Phoenix Racing is a motorsports team that currently competes part-time in the ARCA Menards Series East fielding the No. 1 Toyota Camry and various Super Late Model events fielding the No. 51 Chevrolet SS for Jake Finch. Owned by Florida businessman James Finch, the team fielded NASCAR entries from 1990 through 2013. The team fielded a wide variety of drivers and often changed manufacturers, though it often maintained a relationship with Hendrick Motorsports.

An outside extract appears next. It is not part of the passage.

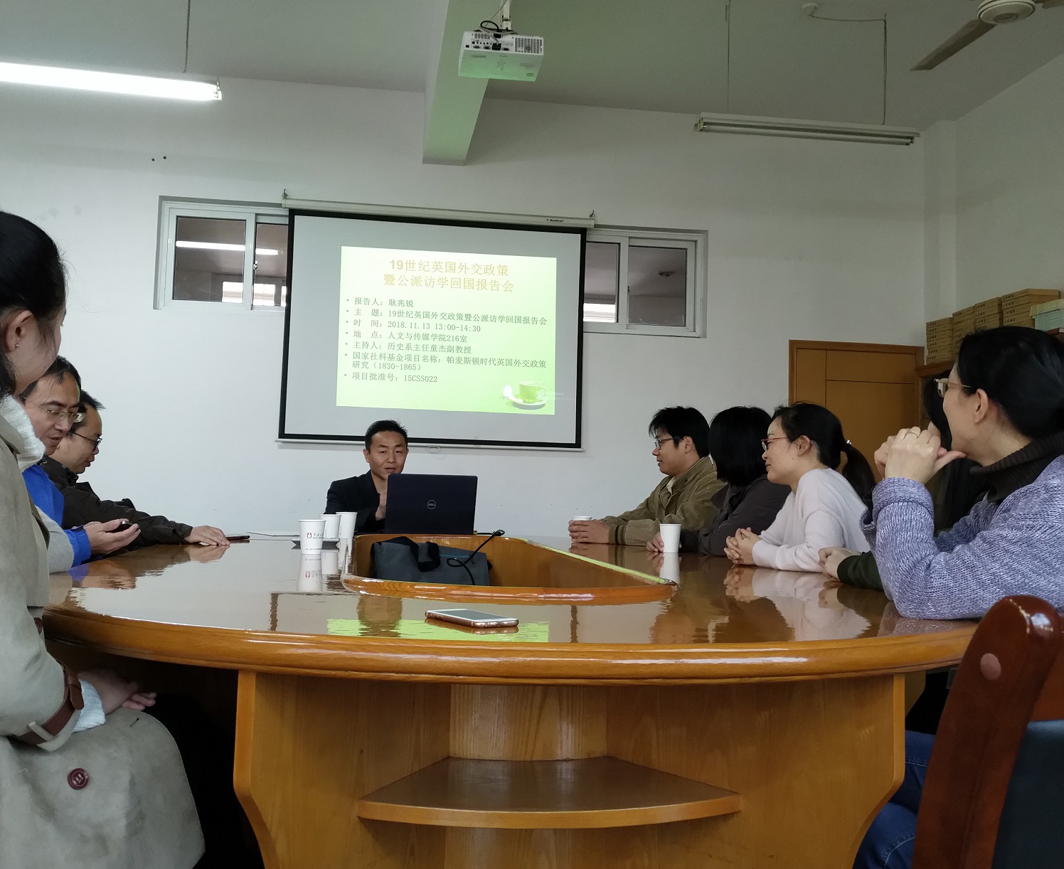 沙龙主题为“19世纪英国外交政策暨公派访学回国报告会”,学术沙龙由历史系主任童杰副教授主持,海角视频

In Sprint Cup, Phoenix Racing was victorious just once in 251 starts over 24 seasons.

In 2013, Phoenix Racing was sold to Turner Scott Motorsports co-owner Harry Scott Jr., who renamed the team HScott Motorsports in 2014. Three years later, HScott Motorsports shut down. Phoenix Racing would reopen its doors in 2020 to help Finch's son Jake start his racing career in Outlaw Late Models locally in Florida, then moving up to Super Late Models in 2021, and moving up to the ARCA Menards Series East in 2022.

NASCAR Cup Series

Car No. 51 history

Early days
Phoenix Racing began racing in the Cup Series in 1990, when it fielded the No. 51 Plasti-Kote Chevrolet Lumina for Jeff Purvis. In four races, Purvis failed to finish a race, his best finishing being a 31st at North Wilkesboro Speedway. Phoenix attempted to run a full schedule in 1991, but soon cut back to a part-time schedule, completing six races in total. Due to a lack of funding, the team only ran two races in 1992, with Finch's company Phoenix Construction of Panama City, Florida, serving as sponsor. In 1993, the team ran all of the restrictor plate races on the schedule, except for the Daytona 500, for which they failed to qualify. For 1994, they picked up sponsorship from Country Time and had planned to run a limited schedule with Neil Bonnett driving. Bonnett was killed in a practice crash at Daytona before the 1994 Daytona 500, and Purvis was brought back to drive the car. In six races, his best finish was 21st. Phoenix changed its number to 44 in 1995, and ran six more races with Purvis and Jackaroo Sauce, only finishing one race. MCA Records became the new sponsor for 1996, and the team had two top-ten qualification starts, but could not finish higher than twelfth.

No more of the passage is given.